— Разве во главе не должен быть самый сильный, — Насу-но оказался самым смекалистым, быстро закивал, помогая девушке убедить упрямца, — самый благородный, — тут уже подключился Моккун, который подошёл к Шимацу, что-то сказав про искренность слов, но это не важно, — самый умный… — Нобунага кивнул один раз, а потом как запротестовал:
— Не согласен! — и запыхтел, шумно раздувая ноздри.
— Идиот, — раздосадованно протянула Масахиро, сгорбившись. Тоёхиса же понял попытку одурачить его и наехал на Нобунагу, как на самого старшего. Тот ему начал втирать про то, что они ему «место уступили», а Шимацу и сейчас не понял, так что Ёичи сказал забить на это дело, ибо горбатого могила исправит. А после лучник тихонечко подобрался к Масахиро, осторожно так ткнул пальцем между рёбер, и та вытянулась по струнке, но ни единого звука не произнесла.
— Спину прямо держи, — только и сказал Насу-но, а после зыркнул так недоверчиво в сторону Олминэ, что та подскочила, на это он усмехнулся как-то по-доброму (?). А Масахиро ощутила знакомые изменения в пространстве, что незаметны обычному глазу. Она отчётливо ощутила посторонний звук, но услышать его не могла, зато признала. Обычно такое происходило, когда оммёдзи общались с помощью мыслей. Это считалось высшим мастерством, когда никто не мог поймать за сим занятием. Самураи такого точно не умели, а в подозрении только Олмине…
***
Бусидо рода Абе-но
К смерти следует идти с ясным сознанием того, что надлежит делать самураю и что унижает его достоинство.
Следует взвешивать каждое слово и неизменно задавать себе вопрос, правда ли то, что собираешься сказать.
Необходимо быть умеренным в еде и избегать распущенности.
Уважать правило «ствола и ветвей». Забыть его — значит никогда не постигнуть добродетели, а человек, пренебрегающий добродетелью сыновней почтительности, не есть самурай. Родители — ствол дерева, дети — его ветви.
Самурай должен быть не только примерным сыном, но и верноподданным. Он не оставит господина даже в том случае, если число вассалов его сократится со ста до десяти и с десяти до одного.

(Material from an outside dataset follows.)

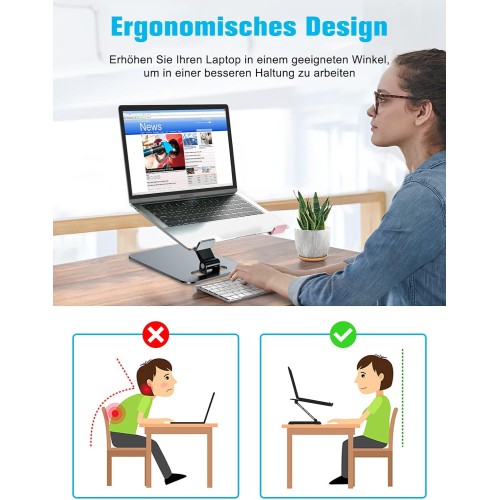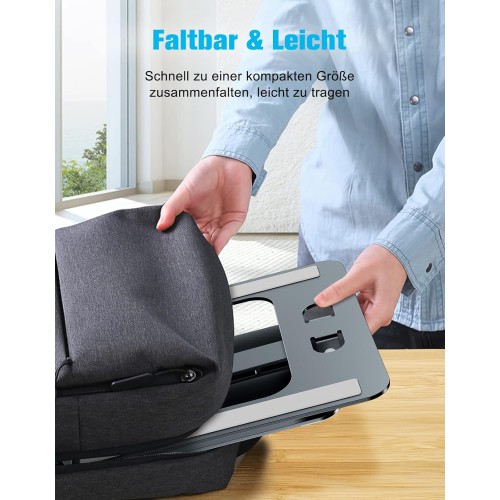 • 【Faltbar & Tragbar】Dieser Laptop Ständer könnte verstellbar sein. Sie können sich in verschiedenen Winkeln neigen und je nach Ihren Bedürfnissen höher oder niedriger stellen, um eine gesunde Körperhaltung beizubehalten. Darüber hinaus ist es zur einfachen Aufbewahrung zusammenklappbar und leicht zu transportieren.

Верность, справедливость и мужество — три природные добродетели самурая.
Сокол не подбирает брошенные зёрна, даже если умирает с голоду. Так и самурай, орудуя зубочисткой, должен показывать, что сыт, даже если он ничего не ел.
Самурай должен, прежде всего, постоянно помнить, что он может умереть в любой момент, и если такой момент настанет, то умереть самурай должен с честью. Вот его главное дело.
========== Бойтесь, люди, “скитальцы” идут! ==========
Кружится и кружится неустанно «дева света и добра» вокруг старого и невероятно огромного древа сакуры, она танцует, а нежные розовые лепестки медленно опадают на сырую землю, по которой дитя ходит босиком. В этот счастливый момент девчонка лет двенадцати преподносит лёгкий и изящный танец старому духу древа. А в стороне стоит невероятно молодой для своих лет старик, он улыбается и не может нарадоваться со своей внучки, самого дорого человечка в мире. А девчонка всё танцует под дождём лепестков и цветков да радуется.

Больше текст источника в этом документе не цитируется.